From the first line of the entries down to the line with "Funda de Cuero", write out every line exactly; that last line counts, but pictures do not.

————————

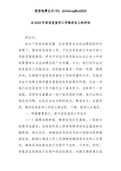 【七哥公文】2025年:在2025年局信息宣传工作推进会上的讲话+更多免费公文+VX:QiGeGongWen2024+更多免费公文+VX:QiGeGongWen2024
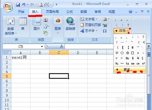 在“特殊符号”组中单击“符号”下拉按钮,在弹出的下拉列表中选择“更多……”选项。
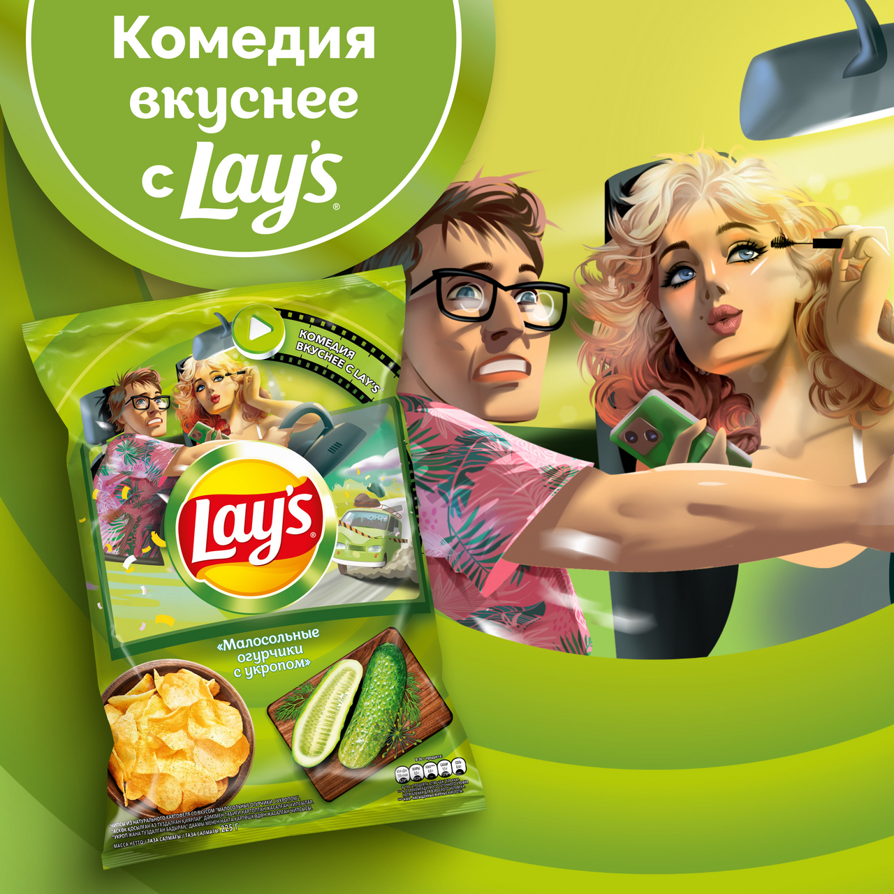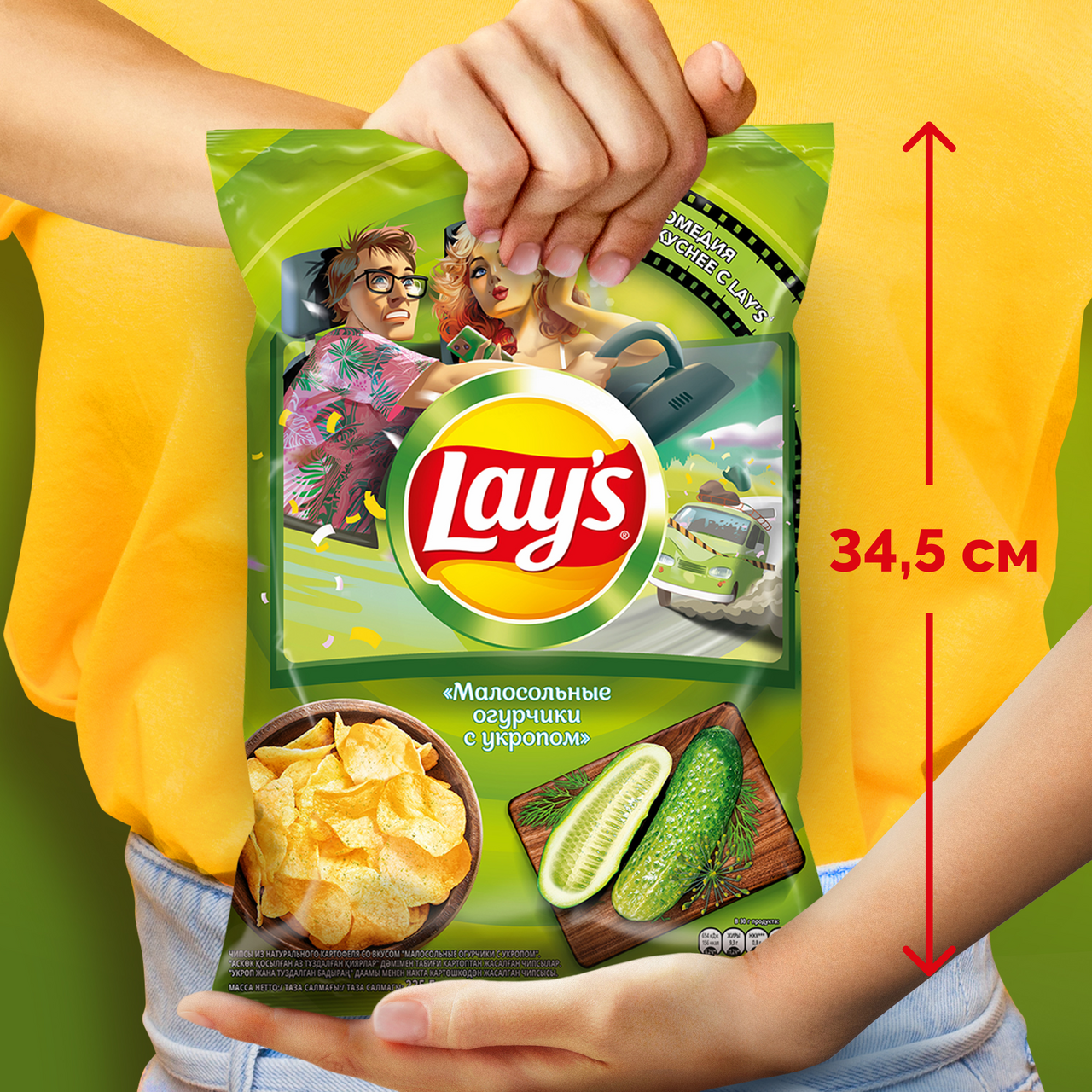 Lay's - чипсы, каждая пачка которых изготовлена из специально отобранного картофеля и соответствует самым высоким стандартам качества. Хрустящие и легкие на вкус картофельные чипсы Lay's были созданы, чтобы вызвать улыбку на лице каждого человека, поэтому ими так приятно делиться с лучшими друзьями. Чипсы Lay's, несомненно, скрасят ваш день. Это хрустящий снек со вкусом малосольных огурчиков и укропа. Изготовлены из картофеля с добавлением специй и пряностей. Подходят для перекуса и просмотра фильмов, а также могут послужить дополнением к пиву. Благодаря своему вкусу могут разнообразить любую закусочную тарелку.
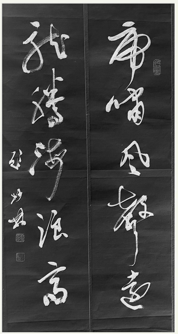 观顾妙林创作,如同赏一场大自然的神工妙笔。其字势如行云流水,欹侧变化,姿态翩翩,佳境环生,时有奇趣,耐人寻味。顾妙林的作品无不显示功力深厚,避俗超凡,但他并不因此恃才睥睨,反而更加扎实专精,追求更高的审美立意和美学思想。
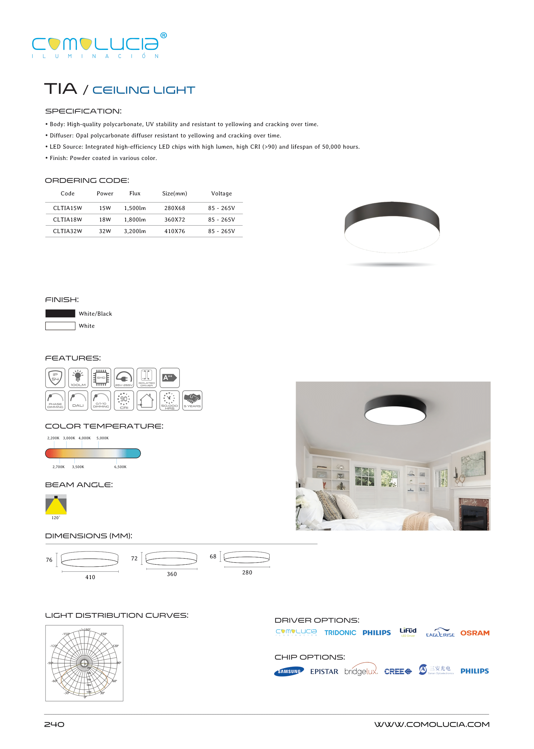 - LED Source: Integrated high-efficiency LED chips with high lumen, high CRI (>90) and lifespan of 50,000 hours.
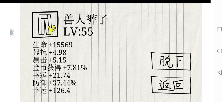 1-10的时候,boss属性相较小怪大幅提升,我们需要在1-9刷至十级,顺便攒钱。(先肘后拳巡回打出,穿插大招)十级以后,买出装备。(商店购买的装备随人物等级的提升而提升)我是直接刷出了B级拳套,补全了上衣,然后打穿了boss。(过关装备附图1)属性大致为99攻,51防,544血量的装备加成。
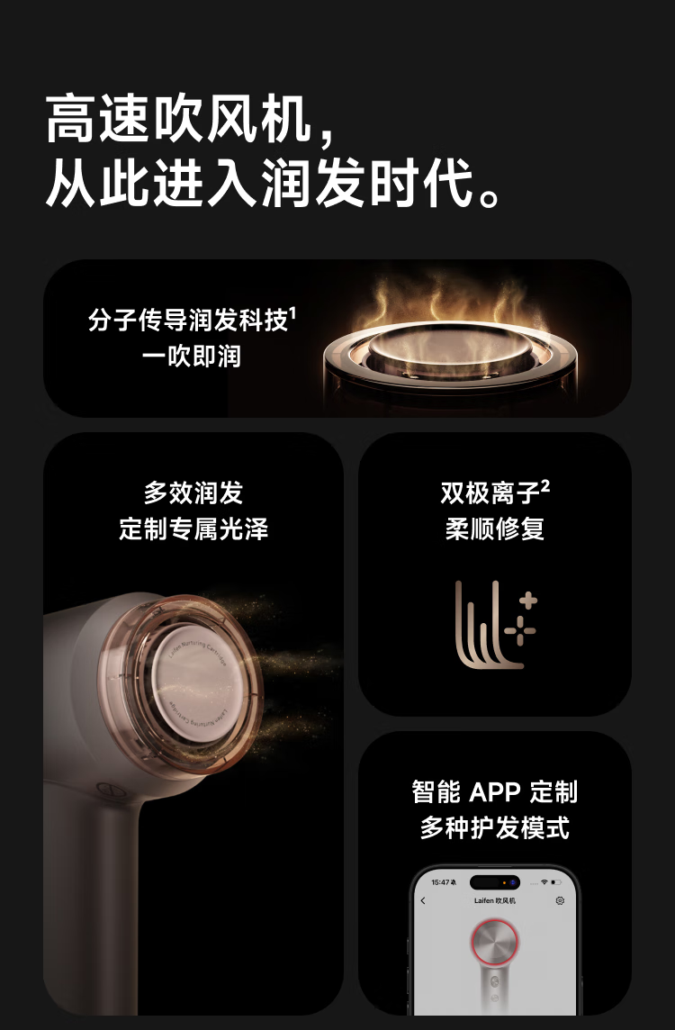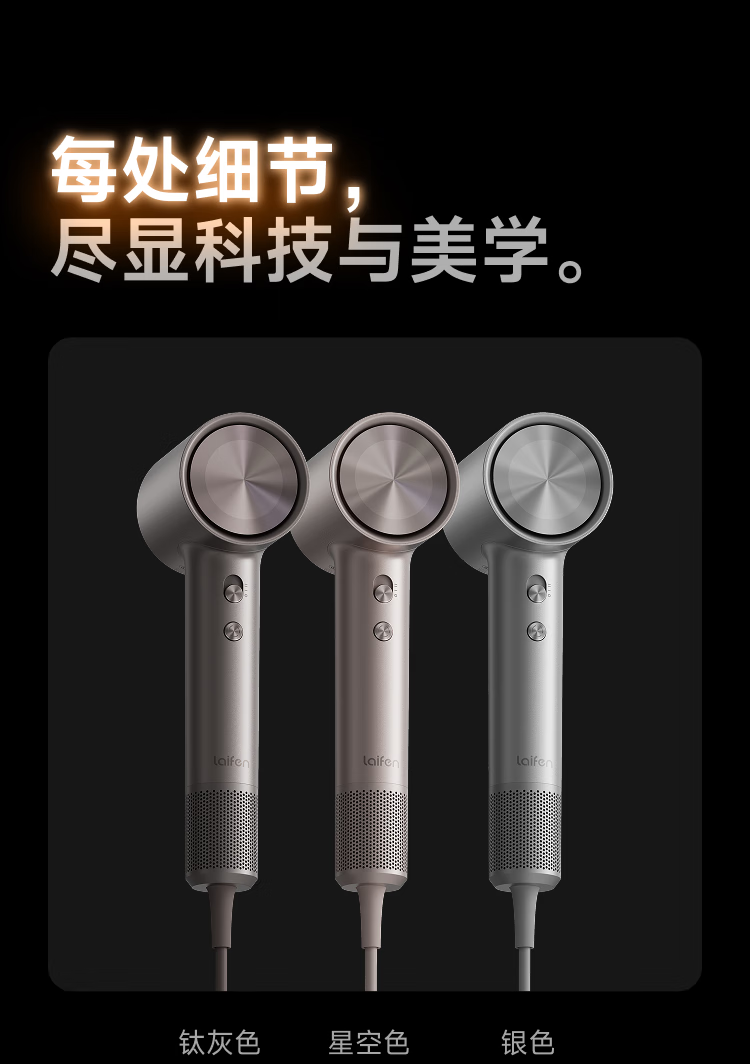 徕芬升【国家3C认证丨50亿负离子护发】高速无叶吹风机家用静音负离子大功率不伤发大风力华强北电吹风筒 星空灰-单风嘴【50亿水润负离子】丨恒温护发速干 2025年新款丨顶配版礼盒装丨10年质保只换不修
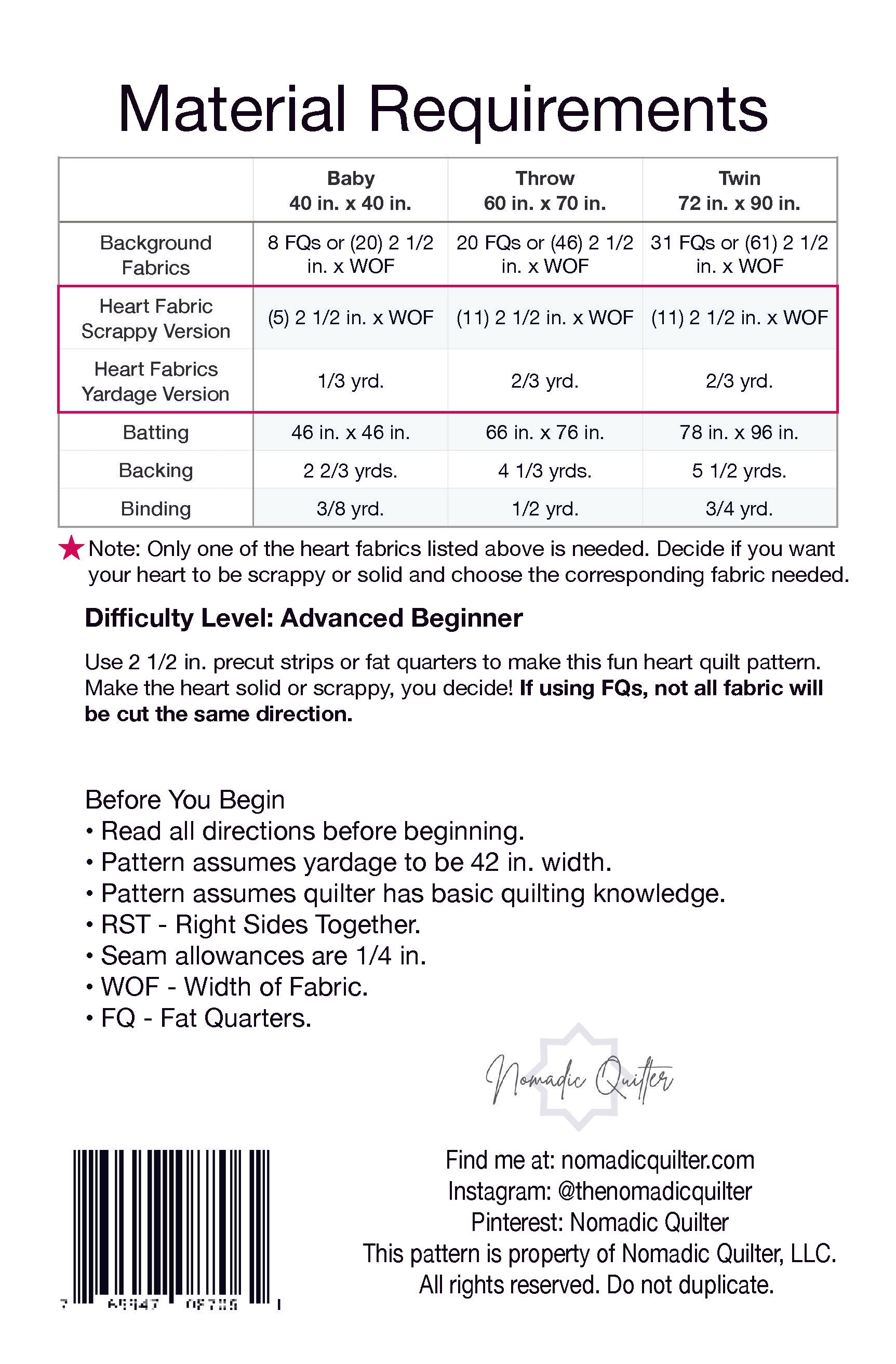 Do not redistribute, sell or copy the pattern, it is for personal use only. Quilts may be made and sold from this pattern on a non-commercial basis. If you sell quilts made from this pattern please credit the Nomadic Quilter LLC.
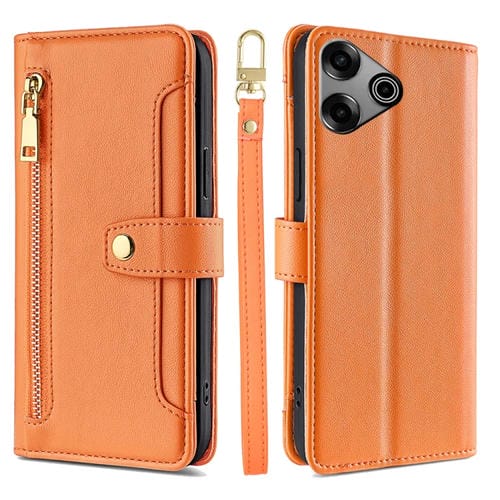 Funda de Cuero para Tecno Pova 6 Pro 5G con Billetera, Cremallera y Textura de Oveja (Naranja)
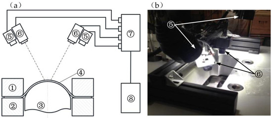 Structure of the digital image measurement part. (a) Schematic diagram; (b) physical picture. Components labeled in the figure are as follows: ① die; ② blank holder; ③ punch; ④ specimen; ⑤ LED light source; ⑥ camera; ⑦ controller; ⑧ computer.

————————

WRITTEN SOLUTION:
 【七哥公文】2025年:在2025年局信息宣传工作推进会上的讲话+更多免费公文+VX:QiGeGongWen2024+更多免费公文+VX:QiGeGongWen2024
 在“特殊符号”组中单击“符号”下拉按钮,在弹出的下拉列表中选择“更多……”选项。
 Lay's - чипсы, каждая пачка которых изготовлена из специально отобранного картофеля и соответствует самым высоким стандартам качества. Хрустящие и легкие на вкус картофельные чипсы Lay's были созданы, чтобы вызвать улыбку на лице каждого человека, поэтому ими так приятно делиться с лучшими друзьями. Чипсы Lay's, несомненно, скрасят ваш день. Это хрустящий снек со вкусом малосольных огурчиков и укропа. Изготовлены из картофеля с добавлением специй и пряностей. Подходят для перекуса и просмотра фильмов, а также могут послужить дополнением к пиву. Благодаря своему вкусу могут разнообразить любую закусочную тарелку.
 观顾妙林创作,如同赏一场大自然的神工妙笔。其字势如行云流水,欹侧变化,姿态翩翩,佳境环生,时有奇趣,耐人寻味。顾妙林的作品无不显示功力深厚,避俗超凡,但他并不因此恃才睥睨,反而更加扎实专精,追求更高的审美立意和美学思想。
 - LED Source: Integrated high-efficiency LED chips with high lumen, high CRI (>90) and lifespan of 50,000 hours.
 1-10的时候,boss属性相较小怪大幅提升,我们需要在1-9刷至十级,顺便攒钱。(先肘后拳巡回打出,穿插大招)十级以后,买出装备。(商店购买的装备随人物等级的提升而提升)我是直接刷出了B级拳套,补全了上衣,然后打穿了boss。(过关装备附图1)属性大致为99攻,51防,544血量的装备加成。
 徕芬升【国家3C认证丨50亿负离子护发】高速无叶吹风机家用静音负离子大功率不伤发大风力华强北电吹风筒 星空灰-单风嘴【50亿水润负离子】丨恒温护发速干 2025年新款丨顶配版礼盒装丨10年质保只换不修
 Do not redistribute, sell or copy the pattern, it is for personal use only. Quilts may be made and sold from this pattern on a non-commercial basis. If you sell quilts made from this pattern please credit the Nomadic Quilter LLC.
 Funda de Cuero para Tecno Pova 6 Pro 5G con Billetera, Cremallera y Textura de Oveja (Naranja)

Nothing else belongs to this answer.